◆ Records for the task ◆

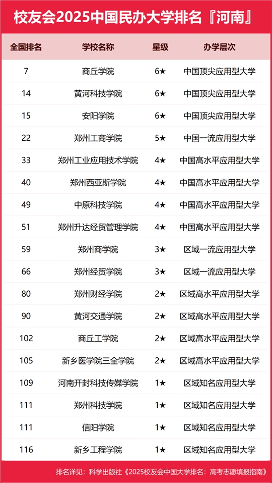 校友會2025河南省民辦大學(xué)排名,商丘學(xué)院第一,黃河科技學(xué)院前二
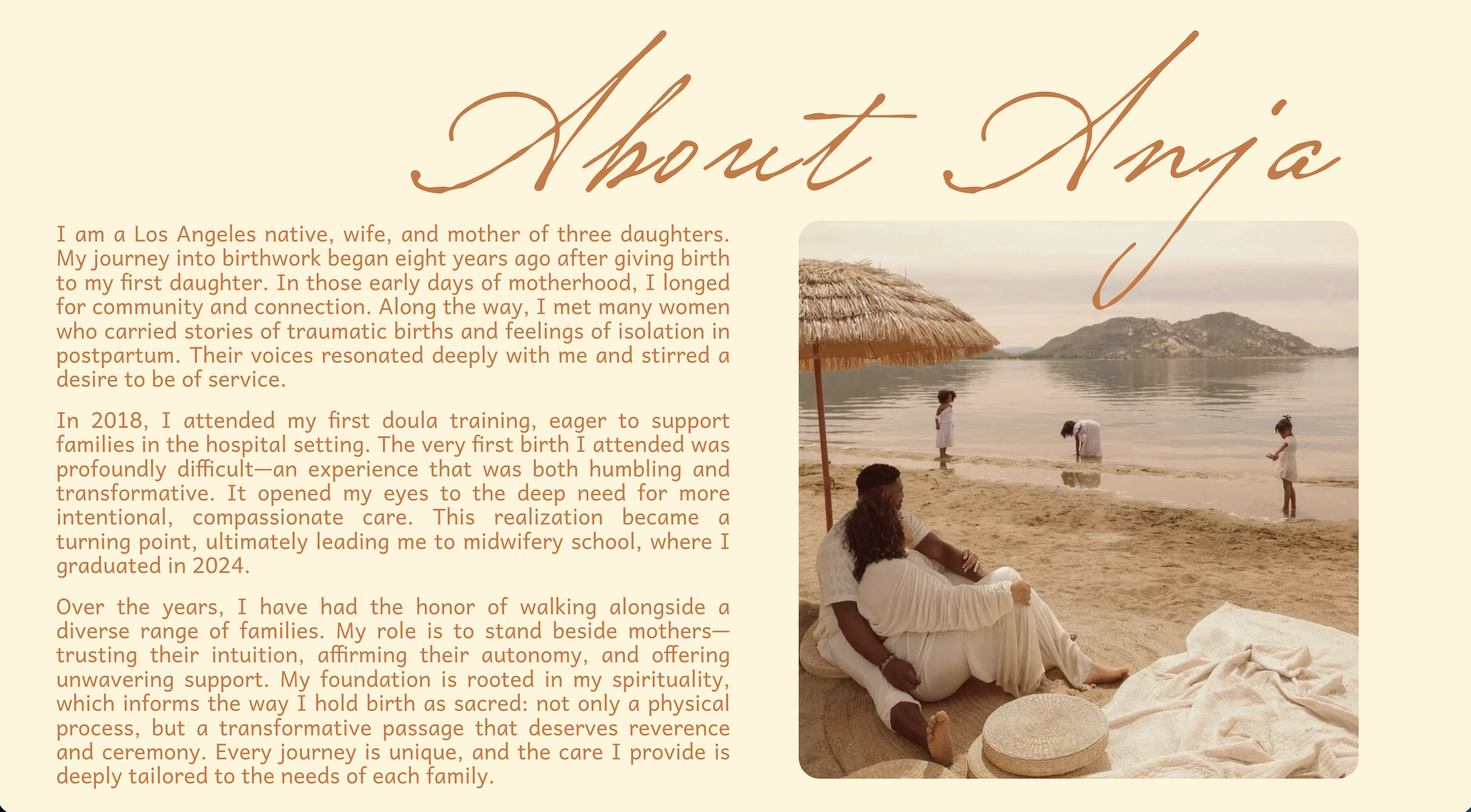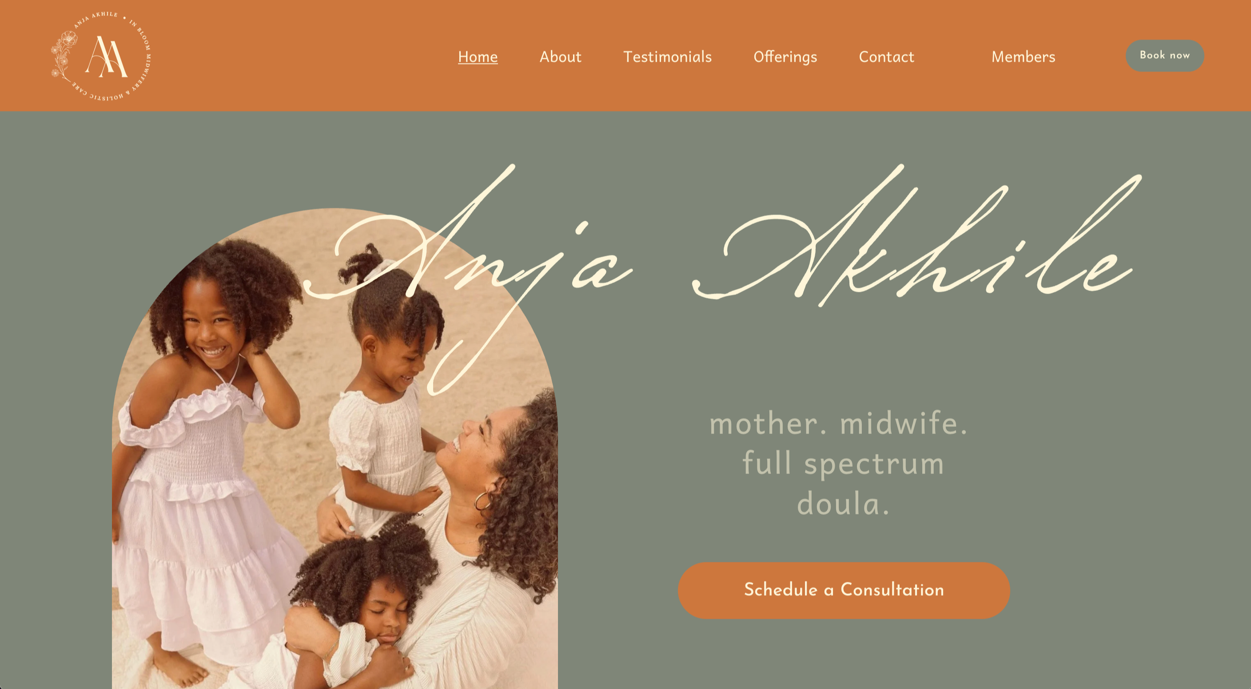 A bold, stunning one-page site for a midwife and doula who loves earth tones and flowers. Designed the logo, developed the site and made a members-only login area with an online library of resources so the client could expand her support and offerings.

--

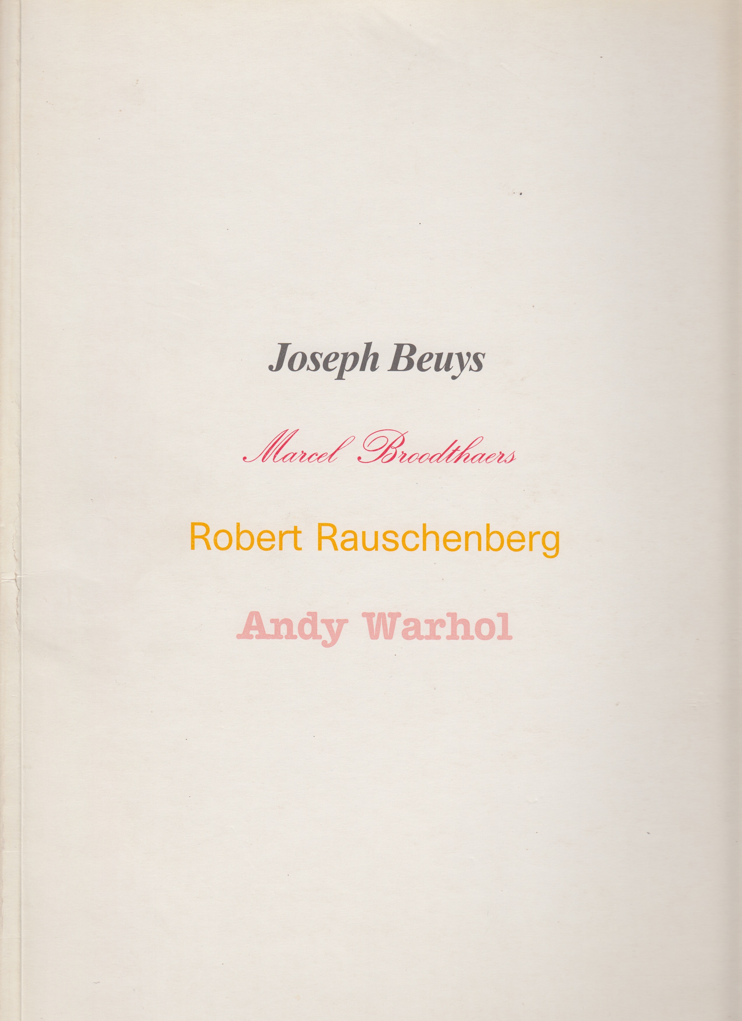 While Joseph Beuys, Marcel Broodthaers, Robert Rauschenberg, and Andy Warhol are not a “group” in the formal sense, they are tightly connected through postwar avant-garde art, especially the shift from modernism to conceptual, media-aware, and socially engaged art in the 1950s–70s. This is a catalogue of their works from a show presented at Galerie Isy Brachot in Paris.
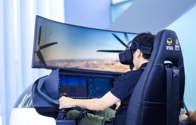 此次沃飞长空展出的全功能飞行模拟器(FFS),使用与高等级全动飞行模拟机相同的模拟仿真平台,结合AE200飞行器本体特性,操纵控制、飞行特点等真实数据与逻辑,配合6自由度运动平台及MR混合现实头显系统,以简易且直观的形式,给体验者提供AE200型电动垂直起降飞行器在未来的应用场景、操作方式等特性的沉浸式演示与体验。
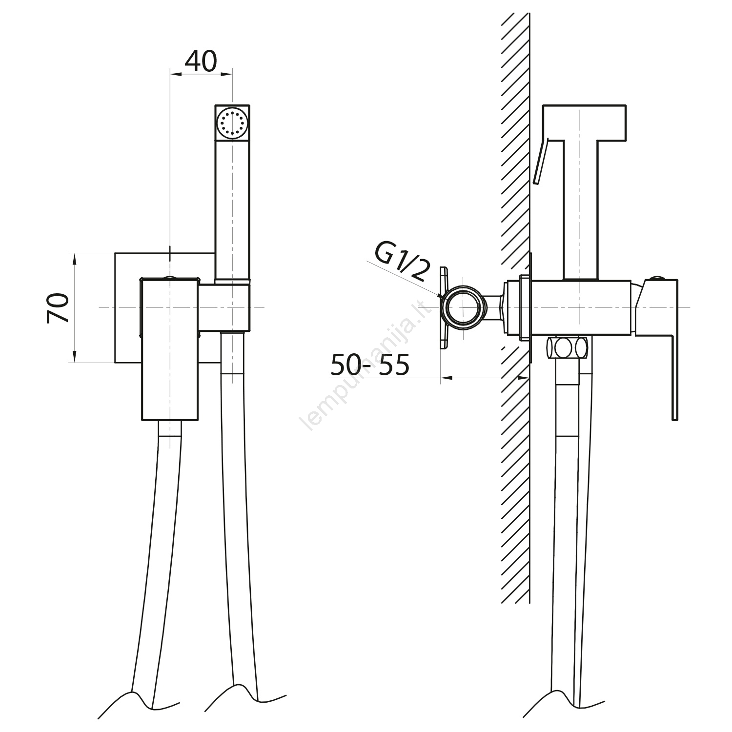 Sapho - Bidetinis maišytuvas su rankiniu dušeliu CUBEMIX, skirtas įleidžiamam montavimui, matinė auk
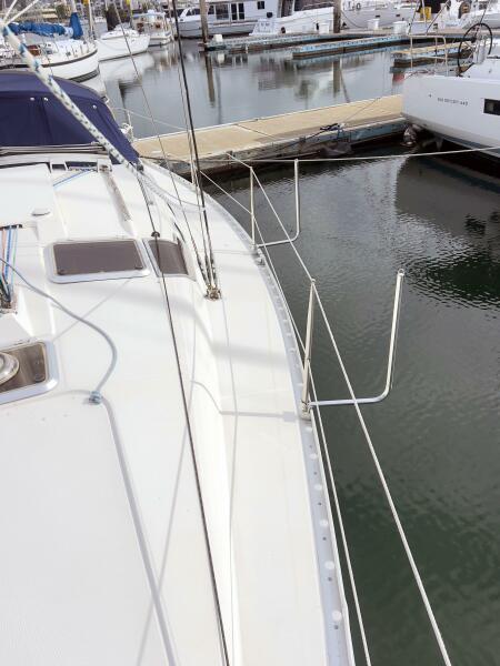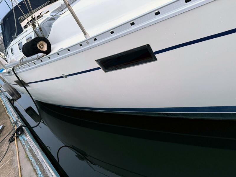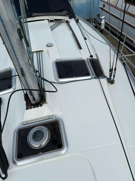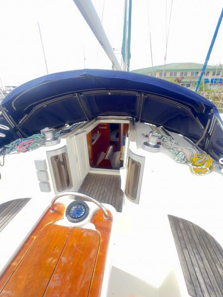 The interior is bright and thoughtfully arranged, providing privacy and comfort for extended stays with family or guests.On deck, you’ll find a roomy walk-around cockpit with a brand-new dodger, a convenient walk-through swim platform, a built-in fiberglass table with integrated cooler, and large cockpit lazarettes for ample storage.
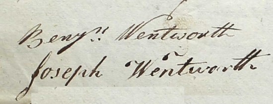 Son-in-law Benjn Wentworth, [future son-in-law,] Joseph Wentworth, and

* * *

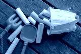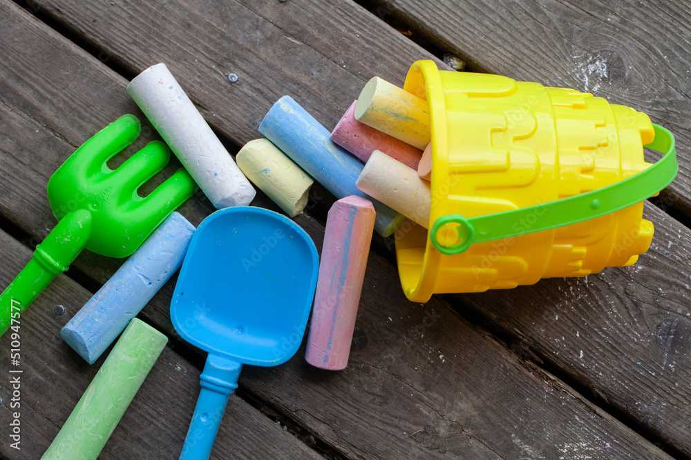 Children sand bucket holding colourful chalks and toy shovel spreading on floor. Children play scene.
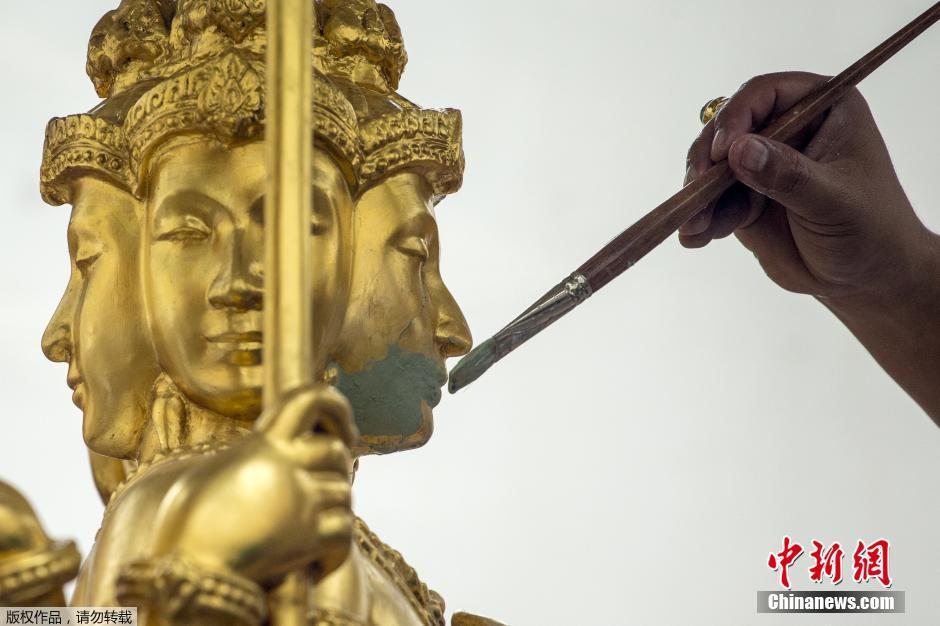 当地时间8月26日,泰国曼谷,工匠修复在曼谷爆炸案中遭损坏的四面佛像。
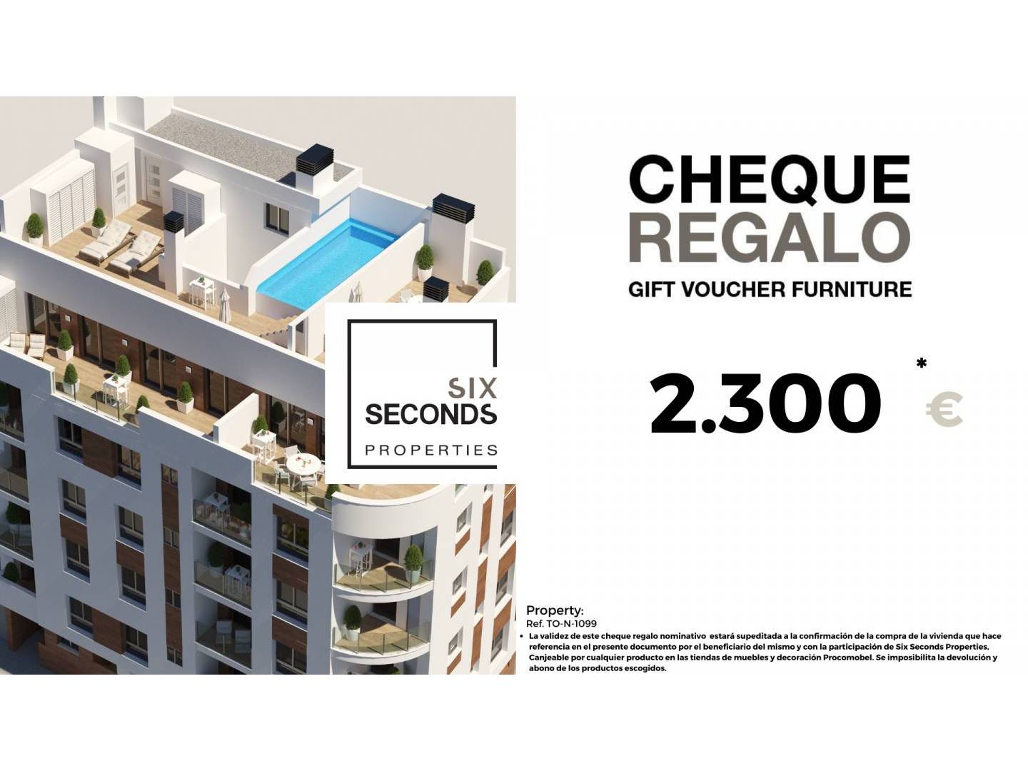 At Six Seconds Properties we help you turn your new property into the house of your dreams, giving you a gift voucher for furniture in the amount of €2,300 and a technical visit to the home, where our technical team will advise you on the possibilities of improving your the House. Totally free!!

◆ Task directions ◆
Would you please reproduce the entries above, starting at the line with "Children sand bucket" and stopping after the line with "At Six Seconds"? Omit any pictures.

◆ Output of the task ◆
 Children sand bucket holding colourful chalks and toy shovel spreading on floor. Children play scene.
 当地时间8月26日,泰国曼谷,工匠修复在曼谷爆炸案中遭损坏的四面佛像。
 At Six Seconds Properties we help you turn your new property into the house of your dreams, giving you a gift voucher for furniture in the amount of €2,300 and a technical visit to the home, where our technical team will advise you on the possibilities of improving your the House. Totally free!!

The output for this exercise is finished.